ENTRIES PROVIDED Block Start

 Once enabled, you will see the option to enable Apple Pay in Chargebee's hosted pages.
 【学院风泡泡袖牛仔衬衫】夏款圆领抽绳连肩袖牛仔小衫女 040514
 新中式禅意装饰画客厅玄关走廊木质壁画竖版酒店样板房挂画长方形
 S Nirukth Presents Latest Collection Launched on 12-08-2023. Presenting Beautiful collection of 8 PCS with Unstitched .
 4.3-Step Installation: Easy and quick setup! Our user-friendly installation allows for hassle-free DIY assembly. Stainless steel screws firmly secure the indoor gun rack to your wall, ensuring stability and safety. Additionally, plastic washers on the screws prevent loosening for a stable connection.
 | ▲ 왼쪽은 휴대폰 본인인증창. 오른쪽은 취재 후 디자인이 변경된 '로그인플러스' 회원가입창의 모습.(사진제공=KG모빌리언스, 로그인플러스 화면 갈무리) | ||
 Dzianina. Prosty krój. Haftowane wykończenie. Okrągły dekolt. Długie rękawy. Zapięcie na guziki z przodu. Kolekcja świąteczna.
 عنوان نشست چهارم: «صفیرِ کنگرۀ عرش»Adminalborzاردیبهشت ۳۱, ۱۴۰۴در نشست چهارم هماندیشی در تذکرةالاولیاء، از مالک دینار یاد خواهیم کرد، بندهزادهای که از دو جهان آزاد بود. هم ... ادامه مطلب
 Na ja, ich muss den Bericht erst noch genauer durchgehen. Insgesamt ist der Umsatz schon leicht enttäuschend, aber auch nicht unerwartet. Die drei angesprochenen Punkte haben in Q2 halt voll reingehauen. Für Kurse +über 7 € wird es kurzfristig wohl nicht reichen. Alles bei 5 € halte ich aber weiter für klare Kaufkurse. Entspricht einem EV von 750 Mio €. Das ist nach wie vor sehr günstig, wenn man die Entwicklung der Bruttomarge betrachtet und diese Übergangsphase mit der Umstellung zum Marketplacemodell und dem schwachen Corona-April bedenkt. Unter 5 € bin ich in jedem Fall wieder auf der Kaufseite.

ENTRIES PROVIDED Block End
ENTRIES PROVIDED Block Start

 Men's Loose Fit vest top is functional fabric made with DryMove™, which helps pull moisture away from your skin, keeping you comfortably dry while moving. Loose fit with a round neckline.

ENTRIES PROVIDED Block End

- TASK PROMPT:
Will you return exactly the lines above from the one with "新中式禅意装饰画客厅玄关走廊木质壁画竖版酒店样板房挂画长方形" down to the one with "Na ja, ich muss", counting both as part of the range?

- ANSWER BOX:
 新中式禅意装饰画客厅玄关走廊木质壁画竖版酒店样板房挂画长方形
 S Nirukth Presents Latest Collection Launched on 12-08-2023. Presenting Beautiful collection of 8 PCS with Unstitched .
 4.3-Step Installation: Easy and quick setup! Our user-friendly installation allows for hassle-free DIY assembly. Stainless steel screws firmly secure the indoor gun rack to your wall, ensuring stability and safety. Additionally, plastic washers on the screws prevent loosening for a stable connection.
 | ▲ 왼쪽은 휴대폰 본인인증창. 오른쪽은 취재 후 디자인이 변경된 '로그인플러스' 회원가입창의 모습.(사진제공=KG모빌리언스, 로그인플러스 화면 갈무리) | ||
 Dzianina. Prosty krój. Haftowane wykończenie. Okrągły dekolt. Długie rękawy. Zapięcie na guziki z przodu. Kolekcja świąteczna.
 عنوان نشست چهارم: «صفیرِ کنگرۀ عرش»Adminalborzاردیبهشت ۳۱, ۱۴۰۴در نشست چهارم هماندیشی در تذکرةالاولیاء، از مالک دینار یاد خواهیم کرد، بندهزادهای که از دو جهان آزاد بود. هم ... ادامه مطلب
 Na ja, ich muss den Bericht erst noch genauer durchgehen. Insgesamt ist der Umsatz schon leicht enttäuschend, aber auch nicht unerwartet. Die drei angesprochenen Punkte haben in Q2 halt voll reingehauen. Für Kurse +über 7 € wird es kurzfristig wohl nicht reichen. Alles bei 5 € halte ich aber weiter für klare Kaufkurse. Entspricht einem EV von 750 Mio €. Das ist nach wie vor sehr günstig, wenn man die Entwicklung der Bruttomarge betrachtet und diese Übergangsphase mit der Umstellung zum Marketplacemodell und dem schwachen Corona-April bedenkt. Unter 5 € bin ich in jedem Fall wieder auf der Kaufseite.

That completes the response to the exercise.